Another thing I have finally gotten into is Kale Chips…yummers!  I cannot believe how much kale has become a part of my diet…my only experience with kale before this year was when I used to work at Godfather’s Pizza (my very first job…yummers again!) and we used it as a garnish for the salad bar…as decoration over the ice holding the buckets of toppings in.  Yeah in my world, kale was not edible and was just for looks…craziness!  It is actually a super food and is considered to be a cancer fighter!

Now the first time I heard about kale chips was through Christabel (again, such an inspiration)…but she makes them in a dehydrator.  She made some for us when we went to the Abraham-Hicks workshop in March, and I was hooked.  Unfortunately, I do not have a dehydrator (another thing for the vision board), so I thought I was out of luck.  But then I found out a couple of my friends were just baking theirs.  I know this isn’t considered raw, but I am not ready to go that whole route just yet, anyway…I need quick, easy and simple things in my life right now in order to be healthy…this is the girl who has been eating fast food her whole life, so I need my healthy food to be pretty fast too!

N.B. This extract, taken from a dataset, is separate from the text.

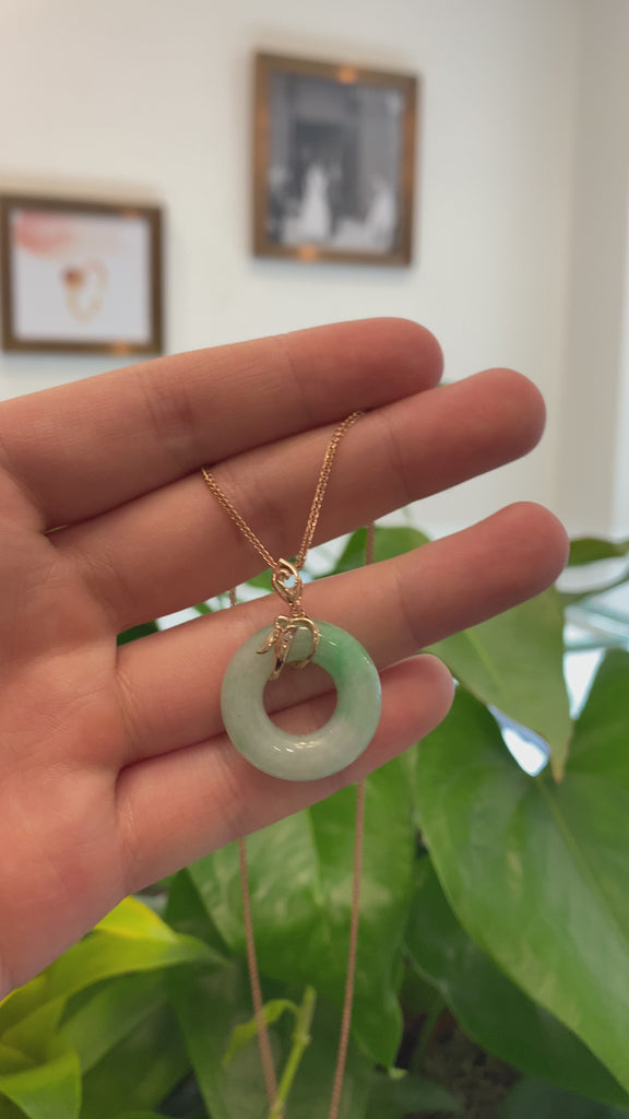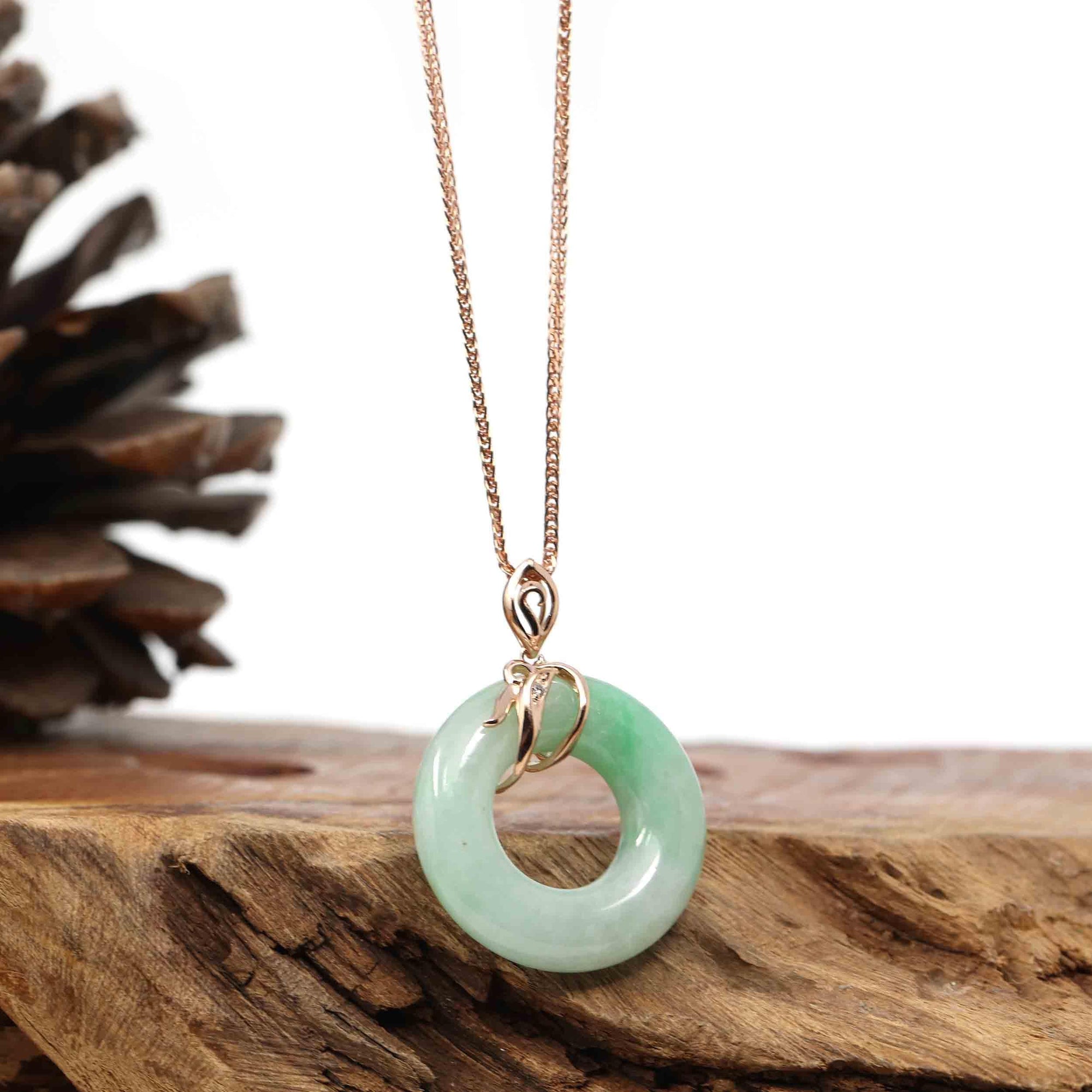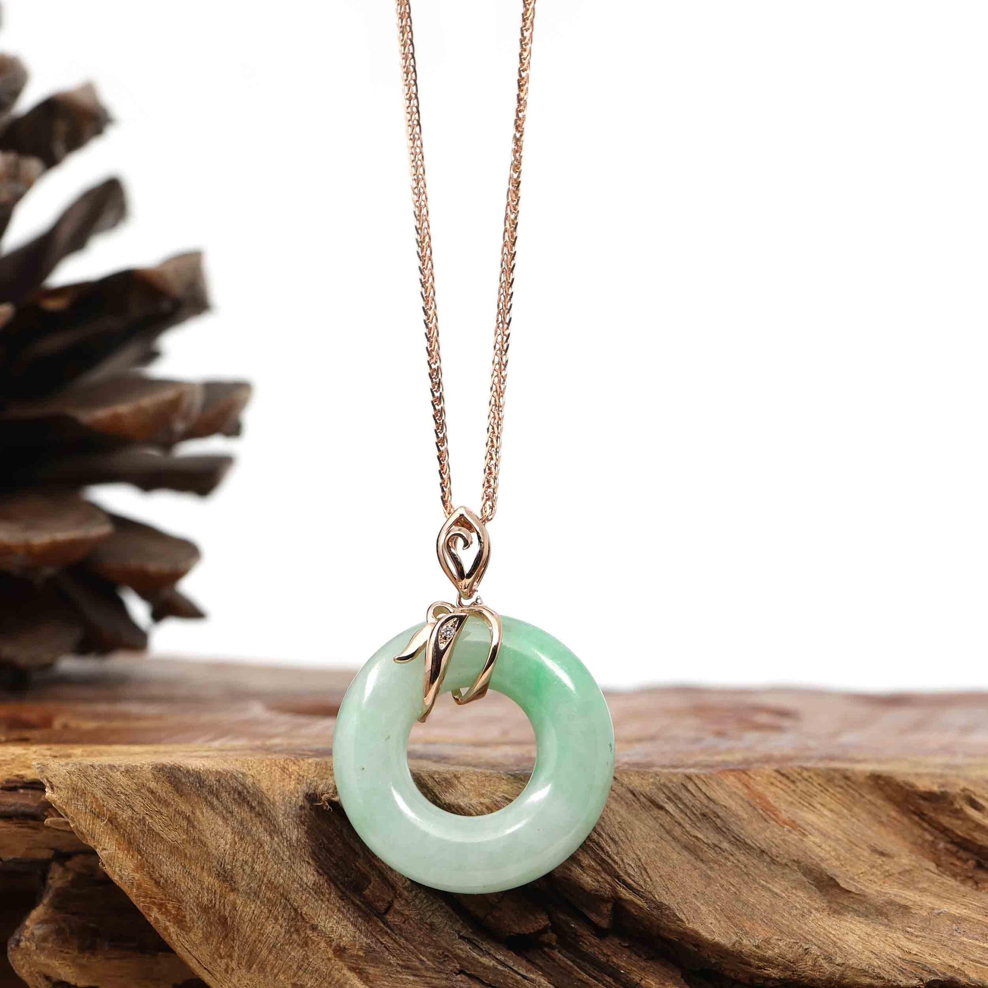 * DESIGN CONCEPT--- 18k Rose Gold & Genuine Burmese Jadeite Pendant Necklace With AA Ruby. This pendant is made with high-quality genuine jadeite with some green, The jadeite piece looks so clean and smooth without any clouds or cracks or any dirty spots. The jadeite pendant's style is a good freedom bird standing on the lucky "Circle Of Heaven". It means prosperity, good luck, and safety. The pendant looks so lovely and exquisite. It's a perfect gift for yourself and your love.

So I got a recipe from my friend Justine for the Kale Chips…the first time I made them a little too salty…I cannot believe I could ever make anything too salty for me, but I did (when she says a little goes a long way, she means it).  So here is her recipe!

To make the kale chips you will need:

1 bunch of Kale
Olive Oil
Sea Salt….
(and I use nutritional yeast as well, I sprinkle when I am tossing the leaves with the oil…..)

Preheat oven to 350 degrees. Wash & dry Kale and rip off the stem into large potato chip sized pieces. Put in a large bowl and drizzle with olive oil. Toss to coat lightly.

Place leaves in a single layer on a baking sheet lined with parchment paper. Sprinkle to taste with Sea Salt (a little goes a long way). Bake for ten minutes or so until the edges become crispy. Cool & eat!

Yum! Feel free to share this with friends….may we all find (and share) good for us snacks…

p.s. today I added some Onion Powder as well and It rocked it!

Enjoy the kale chips…they really help me when I am in my crunchy, salty mood…which is almost every day!  I have also played around with garlic powder and stuff too…yummy and fun!

And enjoy the smoothies…let me know if you make some cool recipe…I am wanting to experiment with raw cacao and stuff too,  just haven’t had the chance yet.